There is also a matter of informed consent at play here. Anything short of informing the diabetic patient of all the aspects of this complex disease does not satisfy the patient’s right to informed consent before the patient is asked to decide how he chooses to proceed with treatment. I fear that a lot of patients are not properly and thoroughly informed and therefore the practicing physician does not have informed consent. Starting treatment without informed consent is unprofessional conduct which is punishable by suspension of licensure. The department of health could help the medical association to standardize the minimum information necessary for informed consent by producing pamphlets and videos that provide the necessary information.
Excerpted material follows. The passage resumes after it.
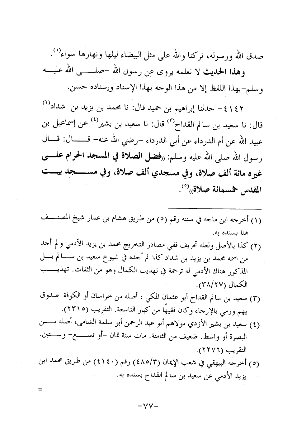 4142- حَدَّثنا إبراهيم بن حُمَيد، قَال: حَدَّثنا مُحَمد بن يزيد بن شداد، قَال: حَدَّثنا سَعِيد بن سالم القداح، قَال: حَدَّثنا سَعِيد بْنُ بَشِيرٍ عَنْ إِسْمَاعِيلَ بْنِ عُبَيد اللَّهِ، عَن أُمِّ الدَّرْدَاءِ، عَن أَبِي الدَّرْدَاءِ، رَضِي اللَّهُ عَنْهُ، قَالَ: قَالَ رَسُول اللهِ صَلَّى اللَّهُ عَلَيه وَسَلَّم: فَضْلُ الصَّلاةِ فِي المسجد الحرام على غيره مِئَة أَلْفِ صَلاةٍ وَفِي مَسْجِدِي أَلْفُ صَلاةٍ وَفِي مسجد بيت المقدس خمسمِئَة صَلاةٍ.

One closing thought is that we must cut our diabetic patients some slack because there is one more factor to consider. Many diabetics will simply not be able to quit all carbs cold turkey and that is because carbohydrates do have an addictive component to them. This will be explained in January when we examine all addictions in depth. This element of the problem must also be discussed and appropriately addressed.
Thank you for reading my letter. No need to reply. Next month we will deal with dementia which is also largely preventable and somewhat treatable and again there is a ton of money to be saved. If at any time you wish to discuss any of these problems in greater depth please feel free to get in touch with me.